Sourse: https://zenodo.org/records/10731976

This dataset introduces a simple, low-resolution (640x640) object detection dataset for manufacturing, specifically focused on identifying minor surface defects in plastic Lego bricks. It is designed to address the need for accessible, less complex datasets, that can help small enterprises to adopt object detection for quality control. 

The dataset contains about 1,500 annotated images, with two quality labels (defect/no defect).
Originally it was tested using YOLOv5 to demonstrate the feasibility of accurate defect detection with limited, low-resolution data.
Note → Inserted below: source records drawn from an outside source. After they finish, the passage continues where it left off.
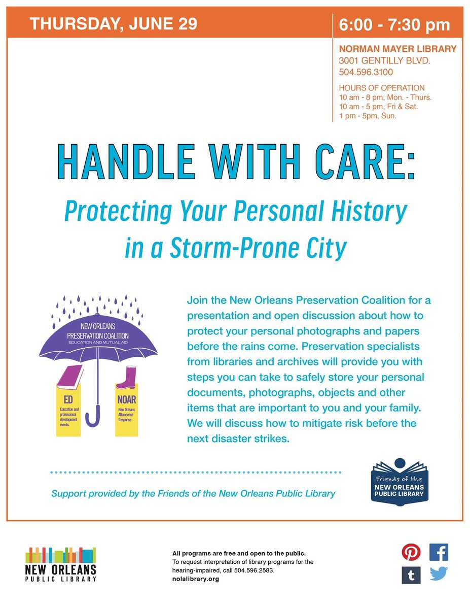 This Thurs., learn from the N.O. Preservation Coalition how to safely store photos & docs during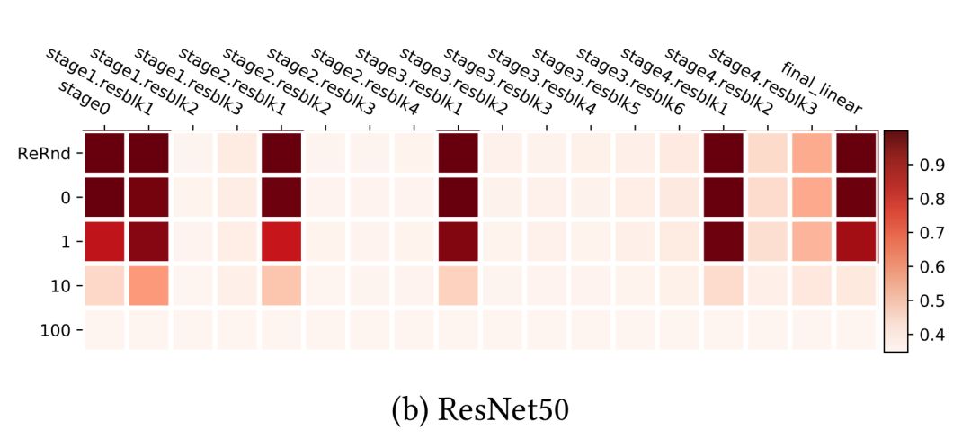 图 10。在 CIFAR10 上训练的 ResNet-50 模型的层重新随机化(第一行)和重新初始化(重置行)的稳定性。(图的来源:原始论文)
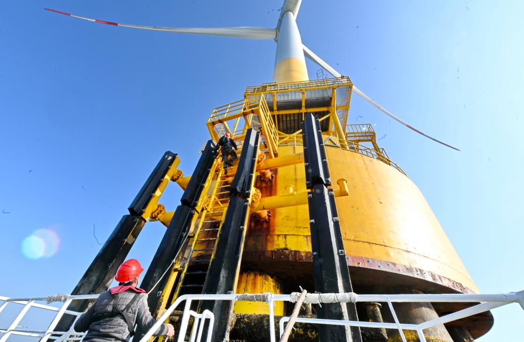 “作为海上风电运维人员,爬梯是一项基本功,遇到低潮时要爬20多米才能到达基座。”福建中闽海上风电有限公司“90后”运维人员黄志明说:“轮毂中心高度距离塔基下面是100余米,我也有点恐高,到了机舱上面的时候,感觉这个庞然大物它真的很高。”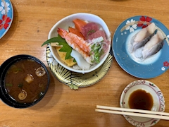 初出勤と昨日も挨拶に来て頂き ありがとうございます🙇♀️ 本日も出勤です🤗 皆様のご来店を心よりお待ちしております🌈 帰省した時に食べたお寿司🍣 美味しかった😋 朝倉 しおり

I adjusted it to my personal scope: 
**Object detection for surface defect classification images of plastic bricks.**

The core problem:
- Each image can have multiple bricks.
- Some bricks in the image may be defective, some may not.
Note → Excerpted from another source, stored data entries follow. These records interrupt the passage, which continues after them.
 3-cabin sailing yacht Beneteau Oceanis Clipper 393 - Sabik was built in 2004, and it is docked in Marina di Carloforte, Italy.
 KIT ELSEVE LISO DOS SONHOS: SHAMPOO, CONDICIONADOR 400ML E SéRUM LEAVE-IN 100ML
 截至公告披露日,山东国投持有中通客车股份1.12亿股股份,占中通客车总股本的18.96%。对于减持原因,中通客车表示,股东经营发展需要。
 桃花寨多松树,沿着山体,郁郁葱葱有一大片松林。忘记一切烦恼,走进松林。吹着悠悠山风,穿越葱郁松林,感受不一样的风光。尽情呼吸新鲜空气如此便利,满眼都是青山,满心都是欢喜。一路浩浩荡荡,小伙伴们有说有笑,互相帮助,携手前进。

I choose to classify the whole image as "defect" or "no_defect".

My Approache:
- Image is 'defect' if ANY brick is defected.
- If all objects are non-defective, label as 'no_defect'.
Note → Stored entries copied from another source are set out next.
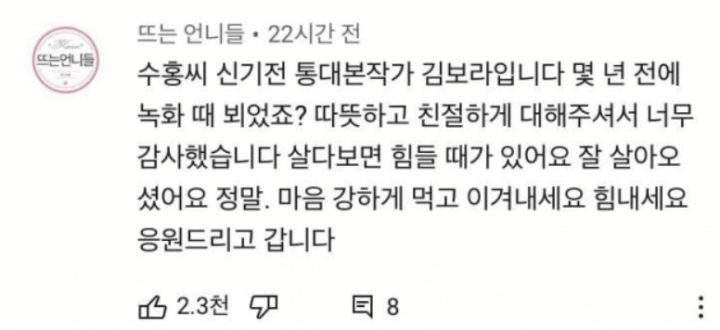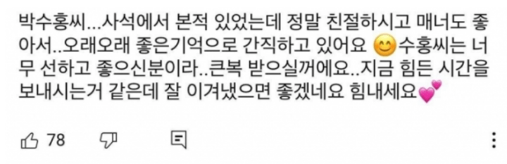 일반인 부터 멜로망스 김민석, 군인, 뷔페 알바생, 함께 프로그램을 한 작가까지 박수홍을 응원하며 미담을 댓글로 달았습니다. 이러한 박수홍 미담만 봐도 박수홍이 평소에 얼마나 착한 사람인지 알 수 가 있는 대목입니다.
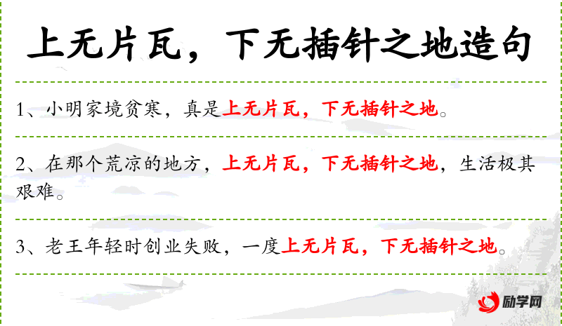 句子中的“上无片瓦,下无插针之地”是传统的成语,用来形容极端的贫穷。这个成语反映了文化中对贫穷的深刻认识和描述。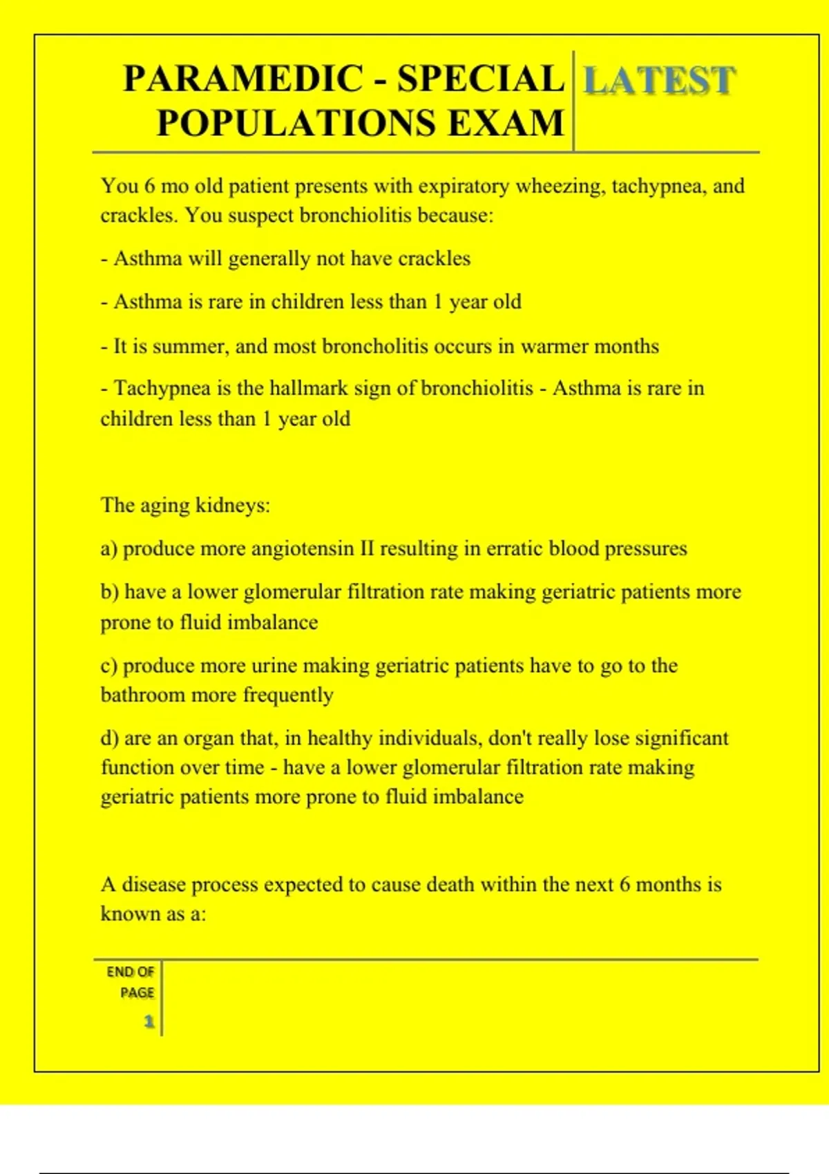 PARAMEDIC - SPECIAL POPULATIONS EXAM QUESTIONS AND ANSWERS 2025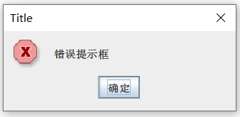 JOptionPane.showMessageDialog(null,"错误提示框","Title",JOptionPane.ERROR_MESSAGE);

#### we need to achieve: train/defect/, train/no_defect/, valid/defect/, valid/no_defect/
    
Note: the old images/ and labels/ folders will be deleted.

In [18]:
import os
import shutil

In [20]:

def get_class_from_label(label_path):
    """
    Reads a YOLO label file and determines the class for the image.
    If any line in the label file starts with '0', it's a 'defect'.
    Otherwise, it's 'no_defect'.
    """
    with open(label_path, 'r') as f:
        for line in f:
            if line.strip() and line.strip().split()[0] == '0':
                return 'defect'
    return 'no_defect'

def organize(split):
    """
    For a given split ('train' or 'valid'),
    - Reads each image in images/,
    - Determines its class from the corresponding label file in labels/,
    - Copies the image to the appropriate class folder (defect/no_defect).
    """
    images_dir = os.path.join(split, 'images')
    labels_dir = os.path.join(split, 'labels')
    for img_name in os.listdir(images_dir):
        # Only process image files
        if not img_name.lower().endswith(('.jpg', '.jpeg', '.png')):
            continue
        label_name = os.path.splitext(img_name)[0] + '.txt'
        label_path = os.path.join(labels_dir, label_name)
        if not os.path.exists(label_path):
            print(f"Warning: No label for {img_name}, skipping.")
            continue
        class_name = get_class_from_label(label_path)
        dest_dir = os.path.join(split, class_name)
        os.makedirs(dest_dir, exist_ok=True)
        shutil.copy2(os.path.join(images_dir, img_name), os.path.join(dest_dir, img_name))


In [22]:
# Organize both train and valid splits

for split in ['train', 'valid', 'test']:
    organize(split)
print("Done! The data is now organized for classification.")

for split in ['train', 'valid', 'test']:
    for sub in ['images', 'labels']:
        shutil.rmtree(f'{split}/{sub}', ignore_errors=True)
print("Old images/ and labels/ folders removed.")

Done! The data is now organized for classification.
Old images/ and labels/ folders removed.